I told my girlfriend that I thought the way my mind had operated the previous night was probably a lot like mania. As I uncomfortably looked at her and described the racing thoughts, schools of students traversed the single-file impasse our conversation created. The people moved both east and west along the sidewalk with swift intention and the flexibility of diverted running water. I would soon find out that a chemical-induced high from brownies is not the same as mania, but there are some faint similarities. During the commencement address to the 2005 graduates of Kenyon College, David Foster Wallace popularized this little existential anecdote:
There are these two young fish swimming along, and they happen to meet an older fish swimming the other way who nods at them and says, “Morning, boys. How’s the water?”
And the two young fish swim on for a bit, and then eventually one of them looks over at the other and goes, “What the hell is water?”
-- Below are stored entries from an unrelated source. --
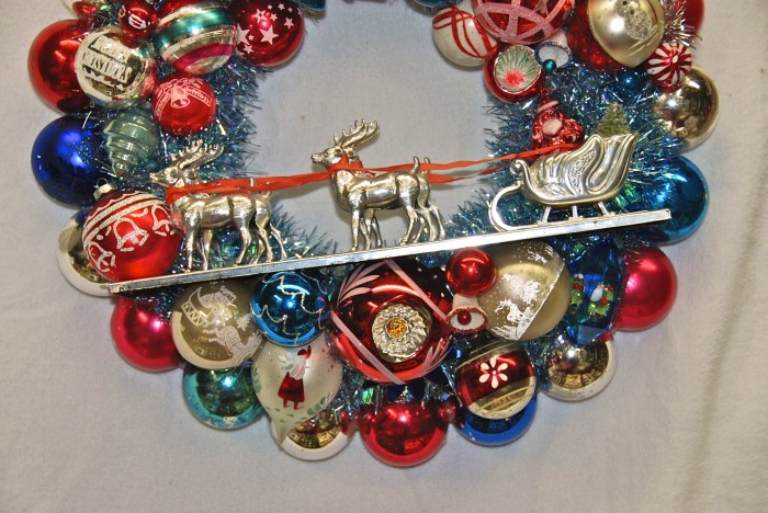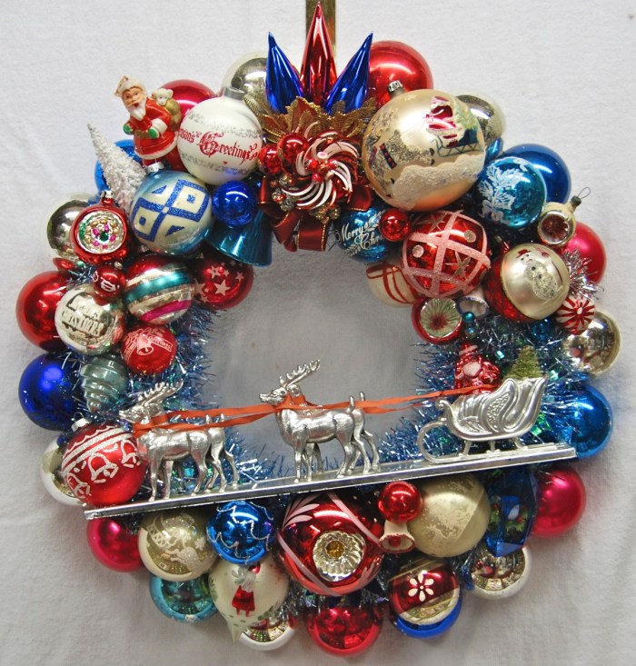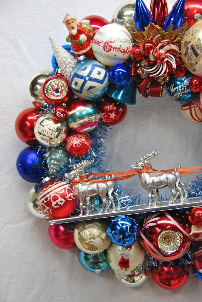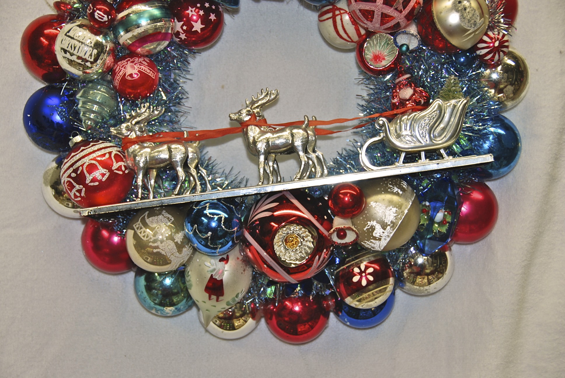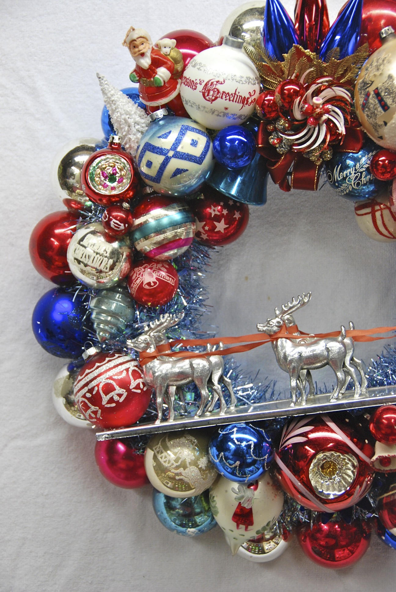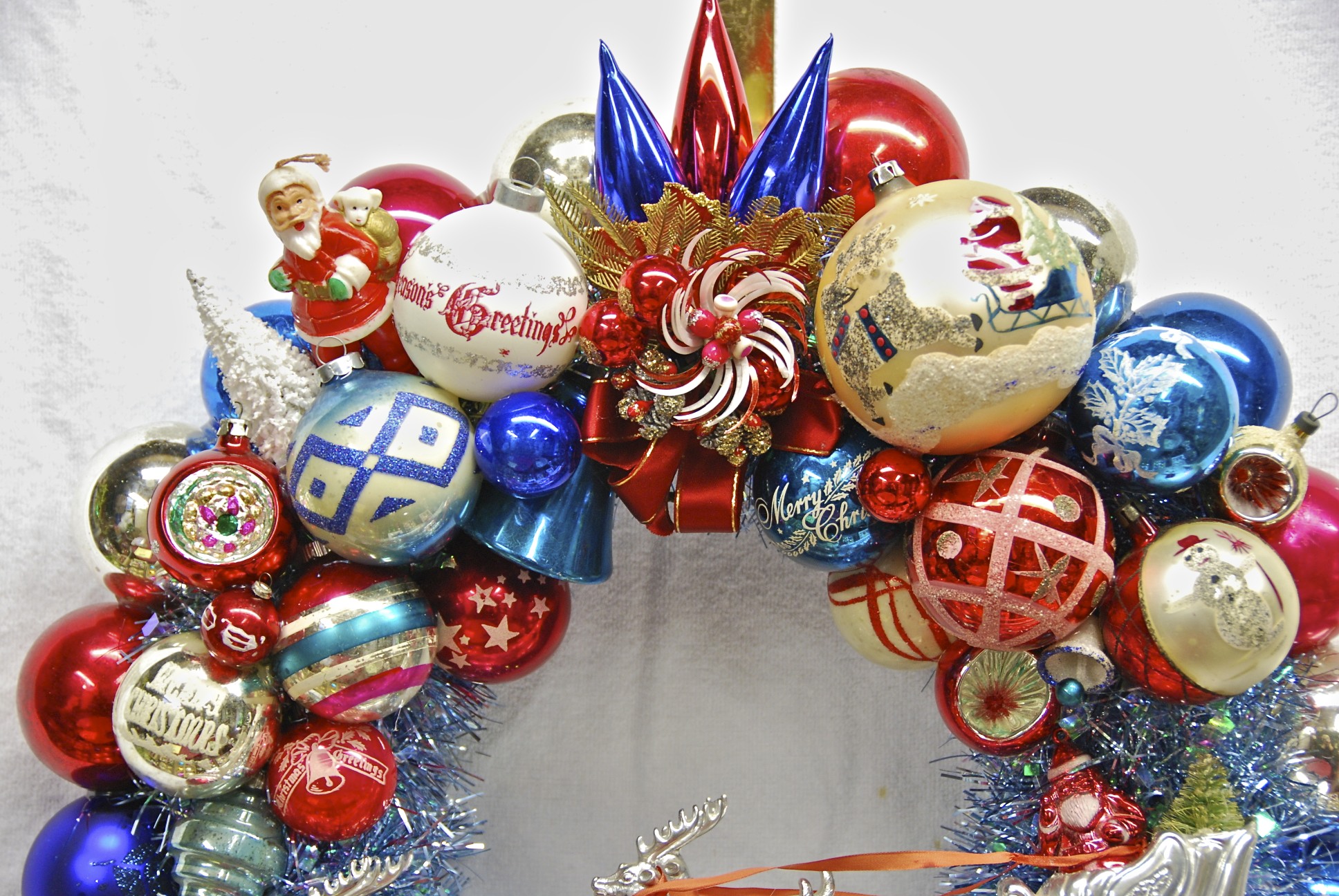 In honor of the birth of the good old USA, here is a new wreath for 2012 in a patriotic palette. A stunning concoction with the perfect colors for an election year. Featuring an unusual sliver plastic sleigh and reindeer with Santa and tree aboard, a wonderful jumbo Poland painted ball, and a host of other treasures. Let the fireworks begin!
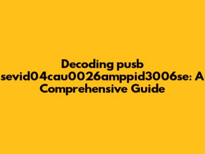 Hey guys, let's dive into the fascinating world of "pusb sevid04cau0026amppid3006se." It sounds like a mouthful, right? Don't worry, we're going to break it down piece by piece so that you can understand what it is and its significance. This guide is your one-stop shop for understanding this seemingly complex term. We will unravel its meaning, explore its potential uses, and provide you with a comprehensive understanding. Whether you're a tech enthusiast, a student, or just curious, this article will equip you with the knowledge to navigate this topic with confidence. So, buckle up, and let's get started on this exciting journey of discovery. We'll start by understanding what each part of this identifier means and how they connect. Understanding the individual components is key to understanding the bigger picture. We'll explore the possible contexts in which this identifier might appear and discuss its importance in each case. The goal here is to make this complex subject easy to understand, even if you are not tech-savvy. We'll be using clear and concise language, avoiding technical jargon wherever possible. The whole idea is to help you get a solid understanding, and feel confident discussing the topic.
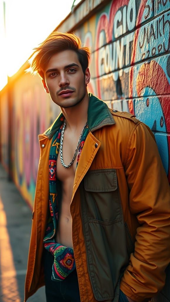 This image captures a stylish male model in a colorful layered outfit, standing confidently near a vibrant graffiti wall, bathed in warm golden hour light, with a shallow depth of field and sharp focus, reminiscent of a high-end fashion photograph
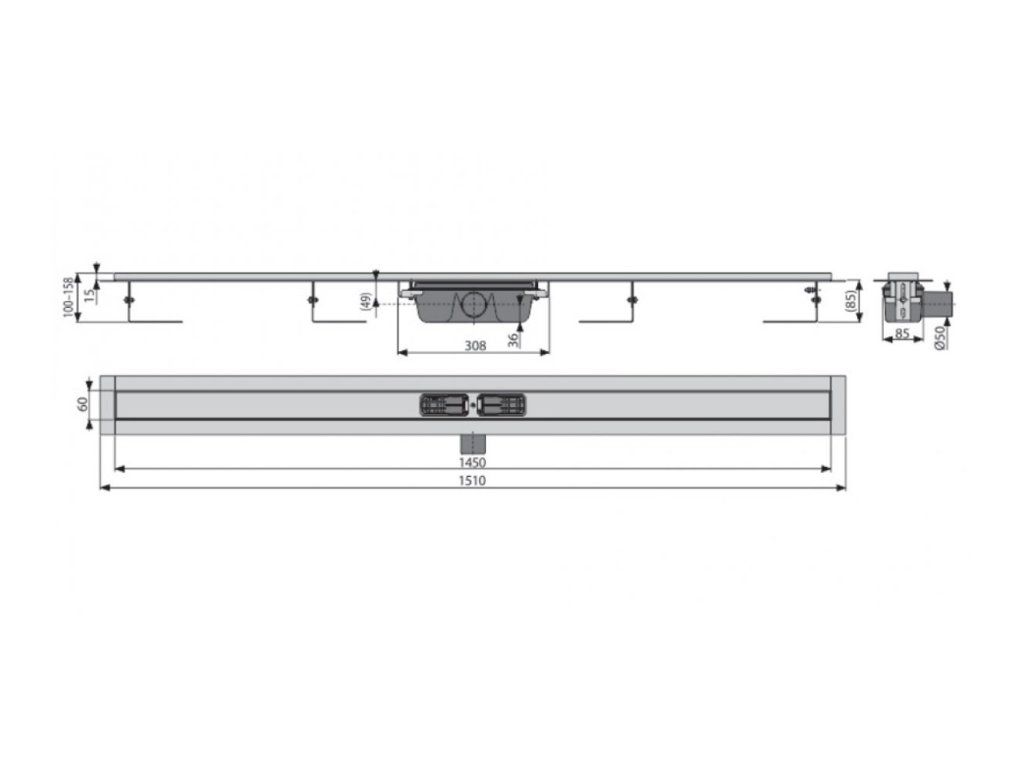 Sprchový žľab nerezový, s okrajom pre perforovaný rošt - dĺžka 1450mm
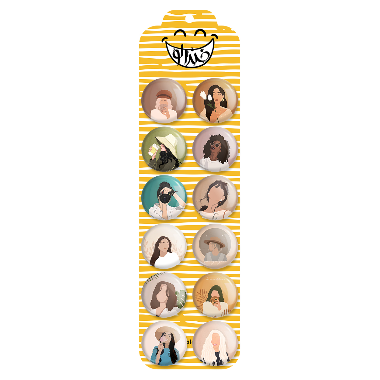 پک 12 عددی پیکسل خندالو طرح مینیمال با حجاب با روکش سلفون حرارتی براق ضدخش و قطعه پشتی رنگی تولید شده است. قطعات پشتی از میان 6 رنگ سفید، مشکی، صورتی، زرد، آبی و قرمز که با توجه به نوع و رنگبندی طرح روی پیکسل انتخاب شده اند تولید می شود و در هر بسته بندی مطابق عکس محصول می باشد. قطعات پلاستیکی پشت پیکسل با سوزن یک تکه ثابت و بدون لغزش و جا به جایی، ایستایی بسیار بهتری نسبت به پشتی فلزی پیکسل دارند که این مهم در تولید این محصول نیز رعایت شده است.
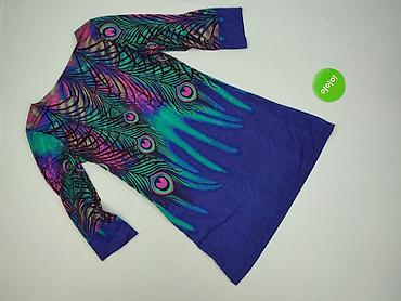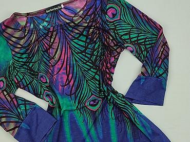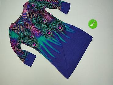 Sukienka damska z długim rękawem, elastyczna - Krój: dopasowana góra, lekko rozszerzany dół (tunika/sukienka mini) - Dekolt: okrągły - Wzór: wielobarwny, artystyczny print w odcieniach fioletu, śli...
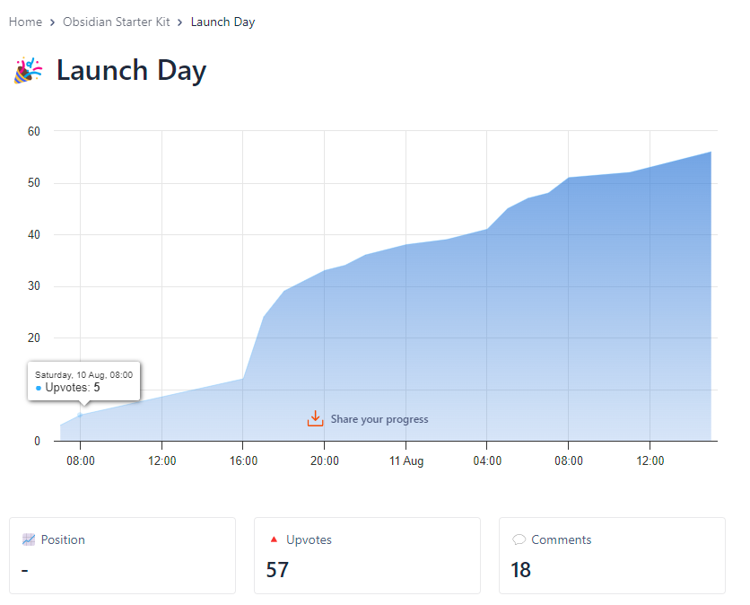 As I've announced before, last week I launched the Obsidian Starter Kit on Product Hunt. It was my first launch, and even though I didn't make it to the top of the ladder, I think I did all right.
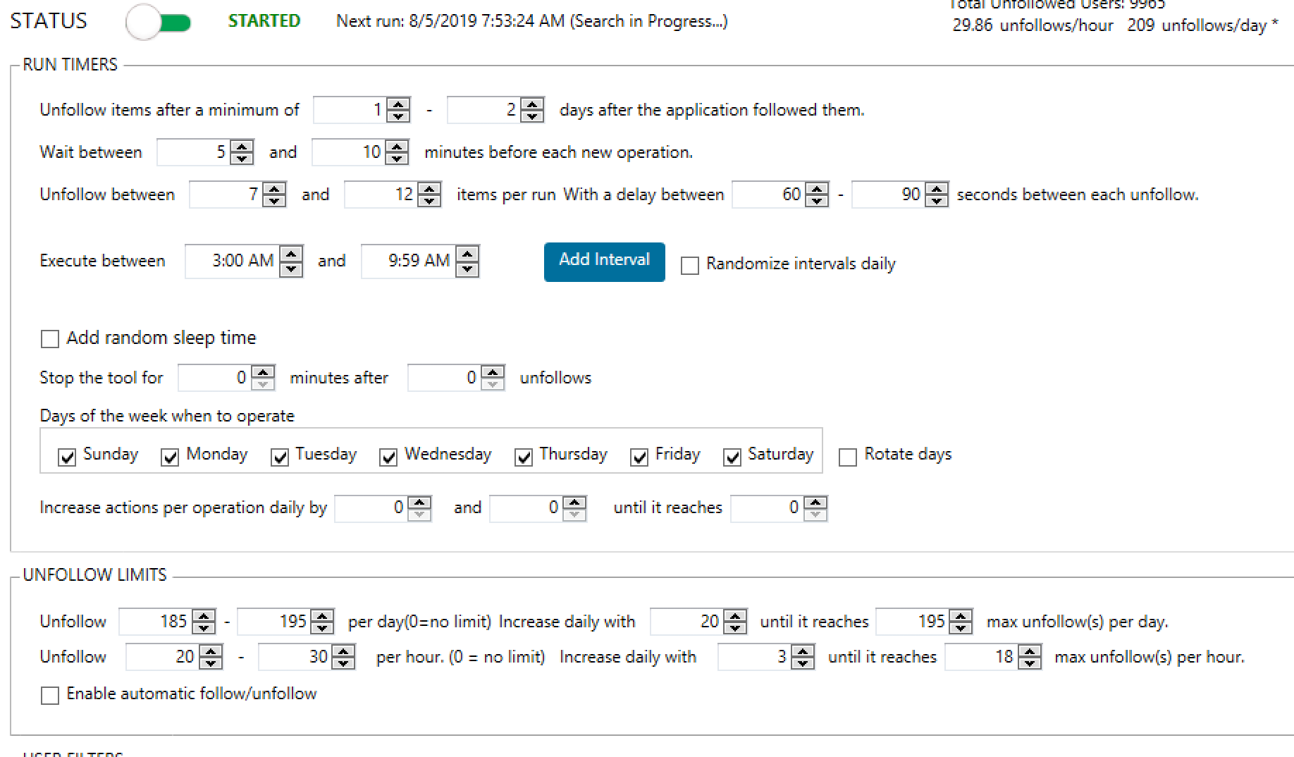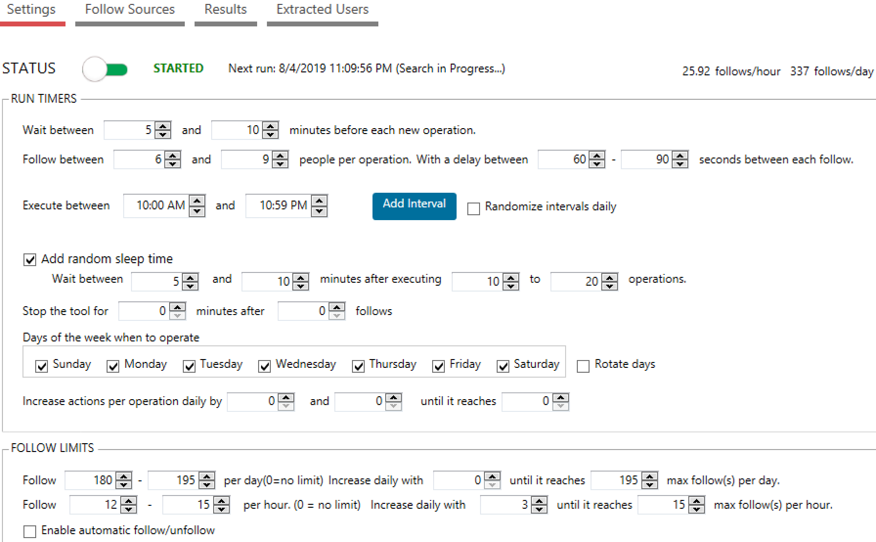 Technically you can have nearly 3 of this runs in one hour (3x 22 minutes, 3x 9 follows = 27 follows). So the tool can do way more follows per hour as you set it to. There where it tries to go over 12-15 it gets hold back by its settings itself.
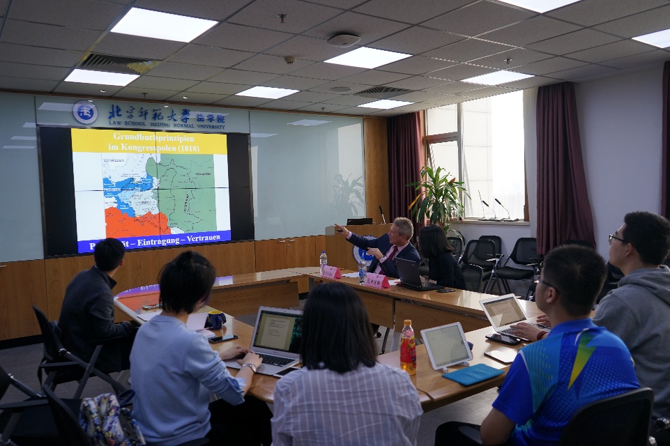 2018年5月16日、20日,少妇色情 与北京师范大学瀚德学院共同主办的瀚德法学大讲堂第四十二讲两场主题讲座分别在后主楼1822、1922会议室成功举办。两次讲座分别以“欧洲视角下的德国家庭法变迁”、“比较法视角下的欧洲土地登记簿”为主题,由德国奥德河畔法兰克福欧洲大学波兰与欧洲私法及比较法教授Prof.Dr.Arkadiusz.Wudarski主讲。讲座由少妇色情 副院长袁治杰副教授主持,北京大学少妇色情 博士后余佳楠担任翻译。
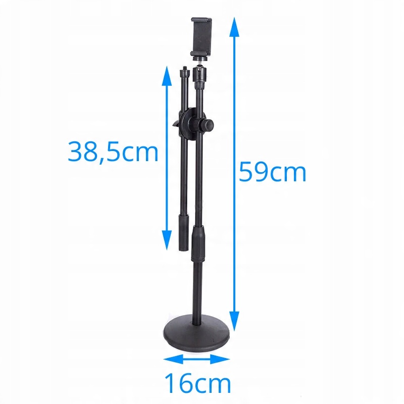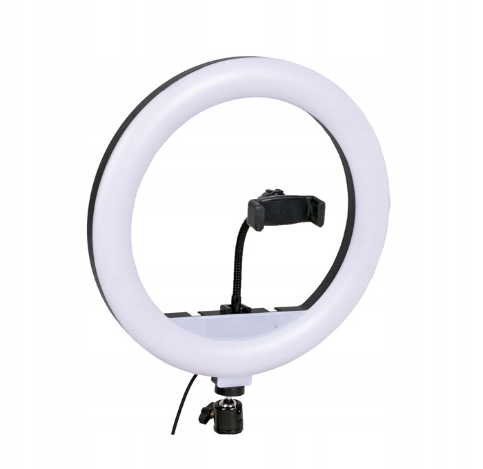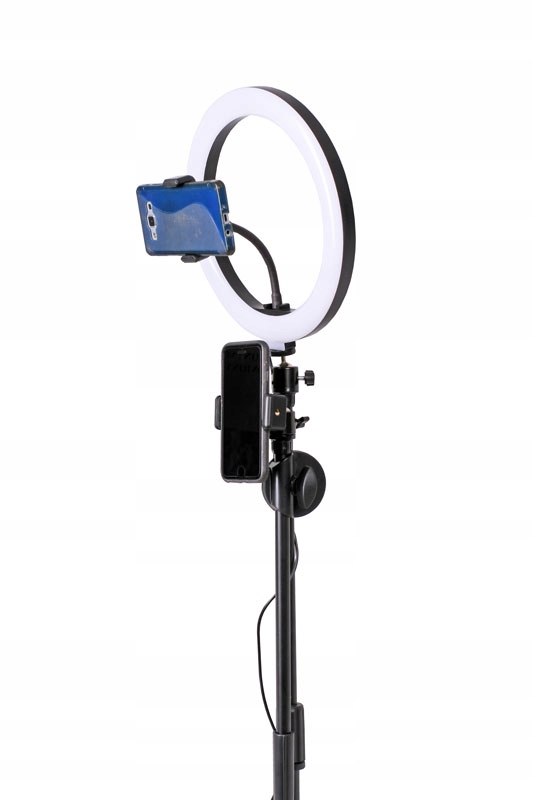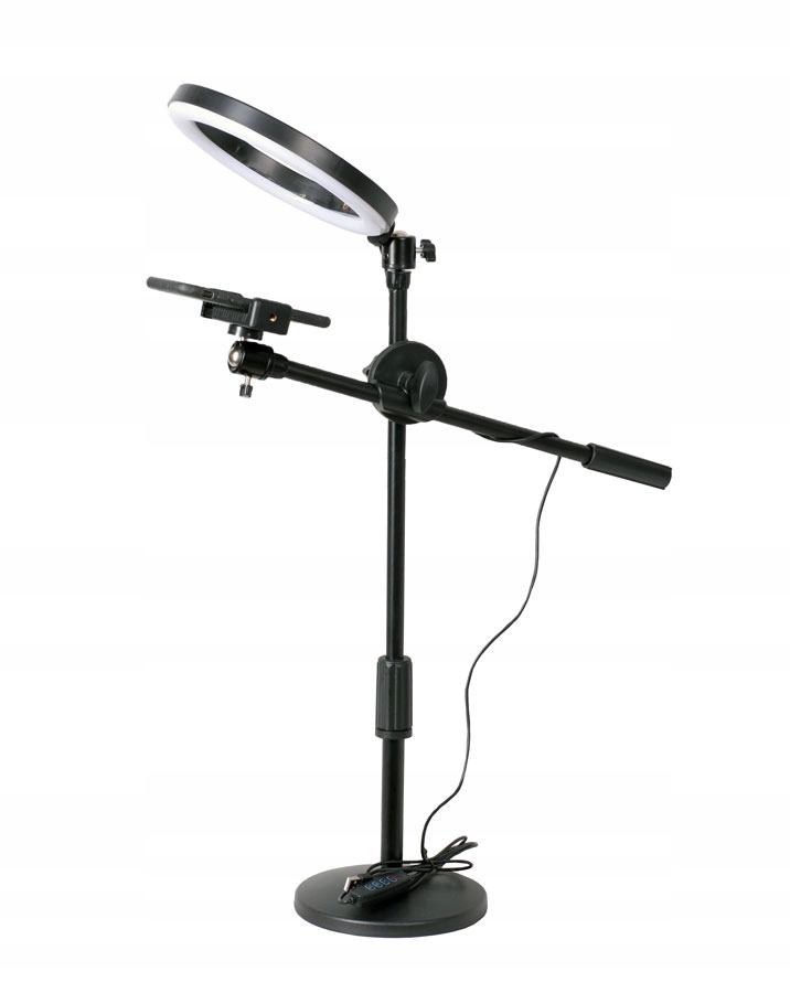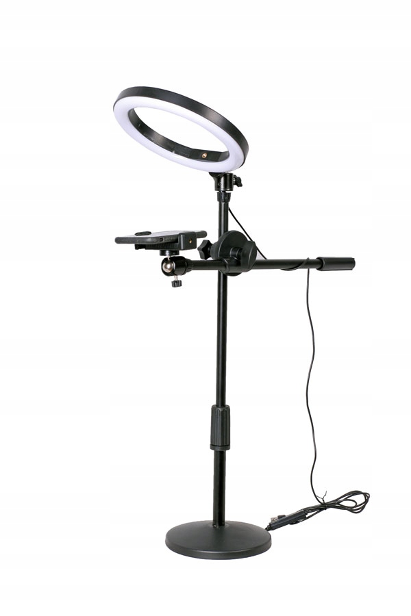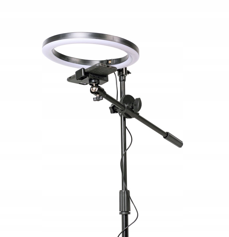 Комплект состоит из компактного, легкого кольцевого светильника (RING) диаметром 26 см и b>регулируемый штатив со штангой, с держателем для телефона.
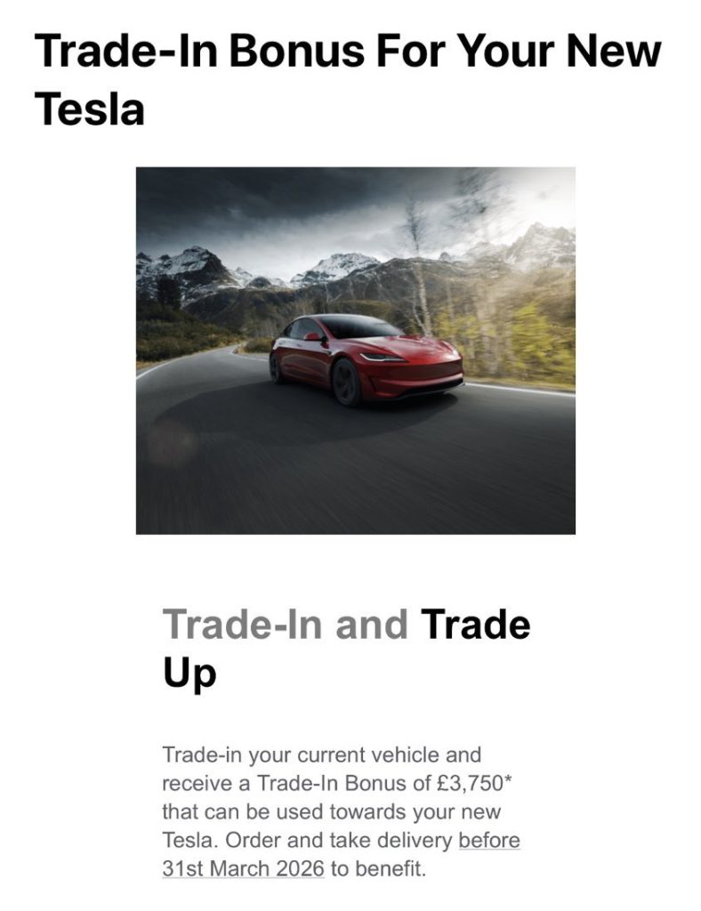 The offer applies across Tesla’s UK lineup and is designed to stimulate demand as we enter the first quarter of 2026. To qualify, customers must both place their order and take delivery of their new vehicle by March 31, 2026, or the end of the first quarter.

There is a fundamental difference that is easily confused between being high on a drug and experiencing mania. When one is manic, it is very difficult for the individual to comprehend the “water” he or she is swimming in. The individual just feels great while in an oblivious state that is filled with wrath and bizarre behaviors. The person is frequently unaware of the potential consequences of his or her condition. There is no reflection or foresight. This reality greatly contrasts the usually more temporary experience of using drugs. More often than not, even if one is stoned out of his or her mind or tripping off of mushrooms to the point of psychedelic hallucinations or visualizations, the individual can usually step back (i.e., reflect) and think, Holy shit, I’m really fucked up right now. That building looks like it is melting right before my eyes. I’m really high! This type of reflection is analogous to the understanding of “This is water.” There is a cause-and-effect connection whereby the person can understand that the drug is causing his or her environment to change. With mania, all too often, the person is unable to uncover this dissociation from reality or realize just what he or she is “swimming” in.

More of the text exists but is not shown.